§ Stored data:
--*--

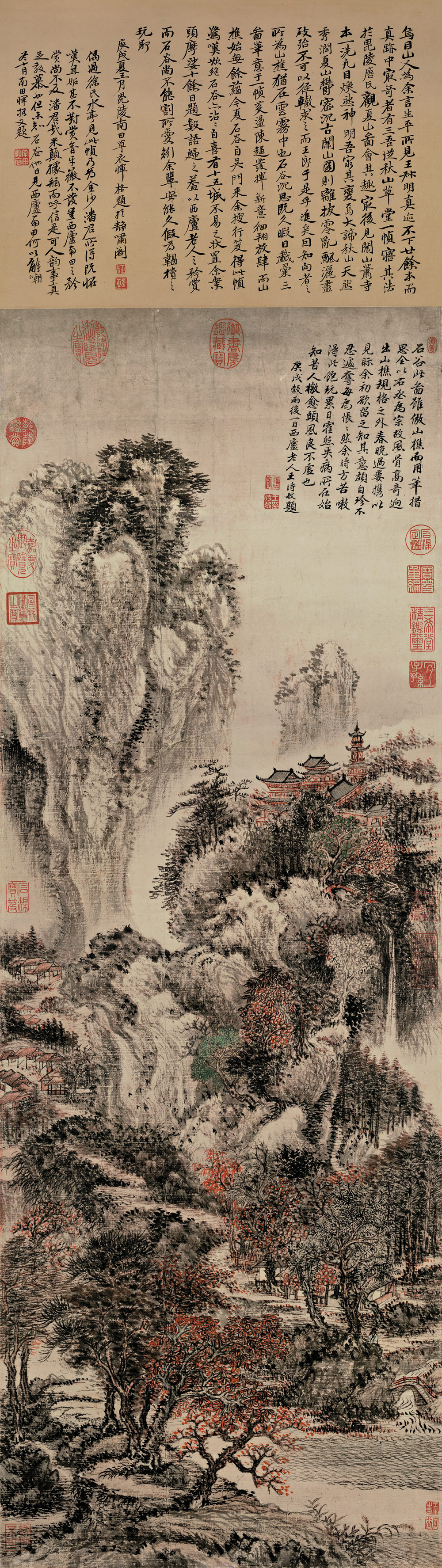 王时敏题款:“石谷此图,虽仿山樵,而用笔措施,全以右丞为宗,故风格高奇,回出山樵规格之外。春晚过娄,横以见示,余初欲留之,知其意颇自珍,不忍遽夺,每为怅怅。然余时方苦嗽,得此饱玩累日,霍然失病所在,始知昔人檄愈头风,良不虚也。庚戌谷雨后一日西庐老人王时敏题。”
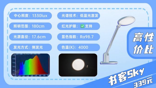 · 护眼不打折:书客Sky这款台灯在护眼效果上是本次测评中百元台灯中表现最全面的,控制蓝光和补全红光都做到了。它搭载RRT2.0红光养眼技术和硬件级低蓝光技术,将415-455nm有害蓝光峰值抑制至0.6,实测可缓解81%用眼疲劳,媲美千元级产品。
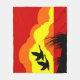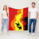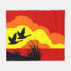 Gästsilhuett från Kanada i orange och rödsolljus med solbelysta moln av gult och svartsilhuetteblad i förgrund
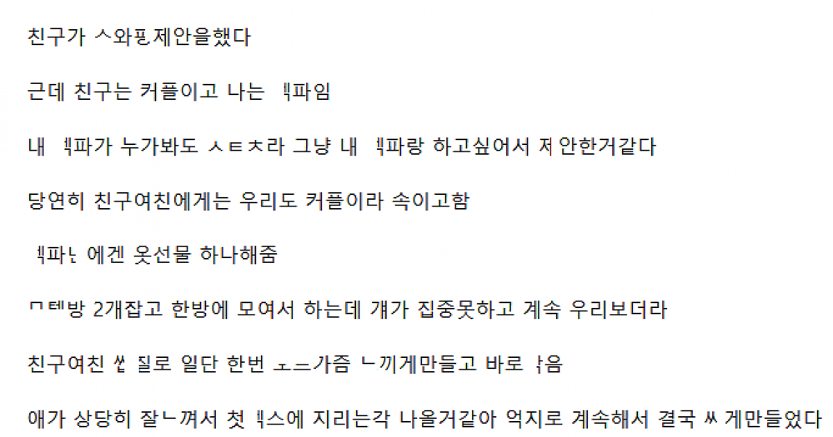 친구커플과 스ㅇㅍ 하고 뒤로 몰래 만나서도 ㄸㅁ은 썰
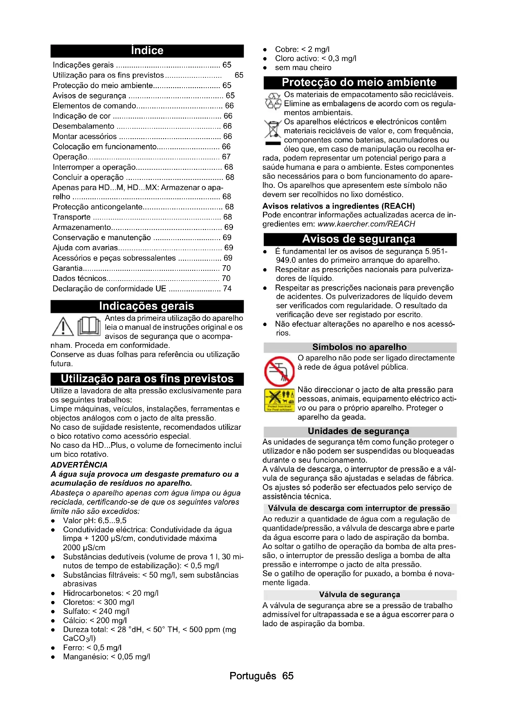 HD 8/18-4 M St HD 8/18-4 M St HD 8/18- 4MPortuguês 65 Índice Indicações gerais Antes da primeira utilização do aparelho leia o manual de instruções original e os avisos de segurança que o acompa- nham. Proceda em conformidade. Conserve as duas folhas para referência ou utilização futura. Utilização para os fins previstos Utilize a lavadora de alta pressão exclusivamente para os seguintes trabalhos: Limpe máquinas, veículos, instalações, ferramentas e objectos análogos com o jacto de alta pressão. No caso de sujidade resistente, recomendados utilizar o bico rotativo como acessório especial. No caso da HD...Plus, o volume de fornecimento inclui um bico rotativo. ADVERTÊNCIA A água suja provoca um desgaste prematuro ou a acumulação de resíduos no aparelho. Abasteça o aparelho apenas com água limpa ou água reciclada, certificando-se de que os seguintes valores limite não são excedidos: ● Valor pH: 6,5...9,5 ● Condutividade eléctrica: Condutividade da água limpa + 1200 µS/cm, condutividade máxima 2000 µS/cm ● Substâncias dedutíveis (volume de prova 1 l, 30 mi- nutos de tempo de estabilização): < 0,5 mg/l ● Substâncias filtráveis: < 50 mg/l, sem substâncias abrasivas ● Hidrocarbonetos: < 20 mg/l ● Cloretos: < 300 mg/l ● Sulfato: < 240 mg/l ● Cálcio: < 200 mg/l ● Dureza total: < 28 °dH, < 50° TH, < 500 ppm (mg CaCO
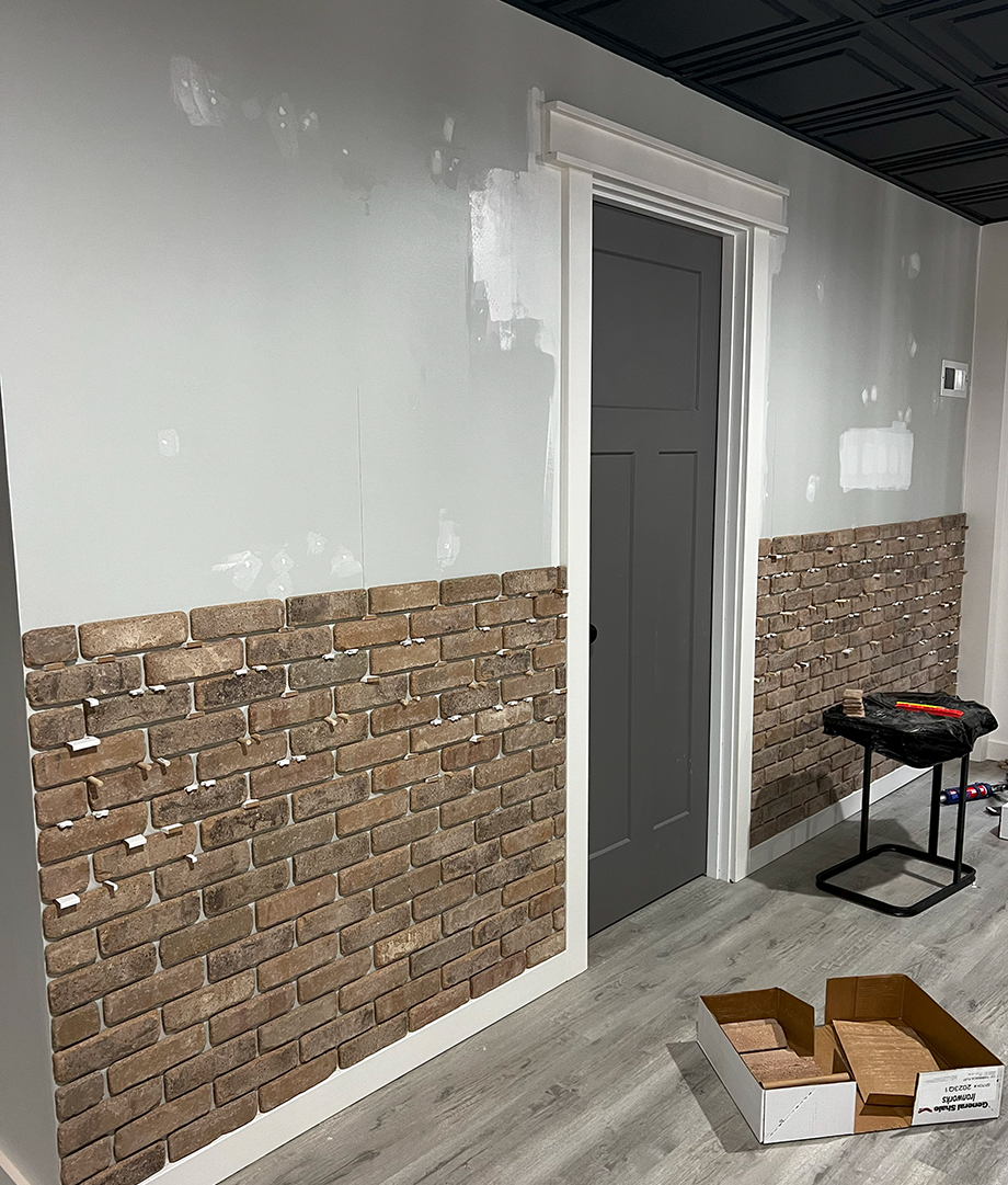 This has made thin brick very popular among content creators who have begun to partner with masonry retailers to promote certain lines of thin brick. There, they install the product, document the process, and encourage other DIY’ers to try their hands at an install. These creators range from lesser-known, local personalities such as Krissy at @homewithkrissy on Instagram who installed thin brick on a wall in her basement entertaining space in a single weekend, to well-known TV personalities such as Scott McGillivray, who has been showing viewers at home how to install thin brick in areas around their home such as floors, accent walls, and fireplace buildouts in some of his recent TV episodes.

--*--

§ Aim of the task: Write out each line of the data above exactly, starting at the top and finishing with the line containing "친구커플과 스ㅇㅍ 하고 뒤로 몰래 만나서도 ㄸㅁ은 썰"; omit the pictures.

§ Solution:
 王时敏题款:“石谷此图,虽仿山樵,而用笔措施,全以右丞为宗,故风格高奇,回出山樵规格之外。春晚过娄,横以见示,余初欲留之,知其意颇自珍,不忍遽夺,每为怅怅。然余时方苦嗽,得此饱玩累日,霍然失病所在,始知昔人檄愈头风,良不虚也。庚戌谷雨后一日西庐老人王时敏题。”
 · 护眼不打折:书客Sky这款台灯在护眼效果上是本次测评中百元台灯中表现最全面的,控制蓝光和补全红光都做到了。它搭载RRT2.0红光养眼技术和硬件级低蓝光技术,将415-455nm有害蓝光峰值抑制至0.6,实测可缓解81%用眼疲劳,媲美千元级产品。
 Gästsilhuett från Kanada i orange och rödsolljus med solbelysta moln av gult och svartsilhuetteblad i förgrund
 친구커플과 스ㅇㅍ 하고 뒤로 몰래 만나서도 ㄸㅁ은 썰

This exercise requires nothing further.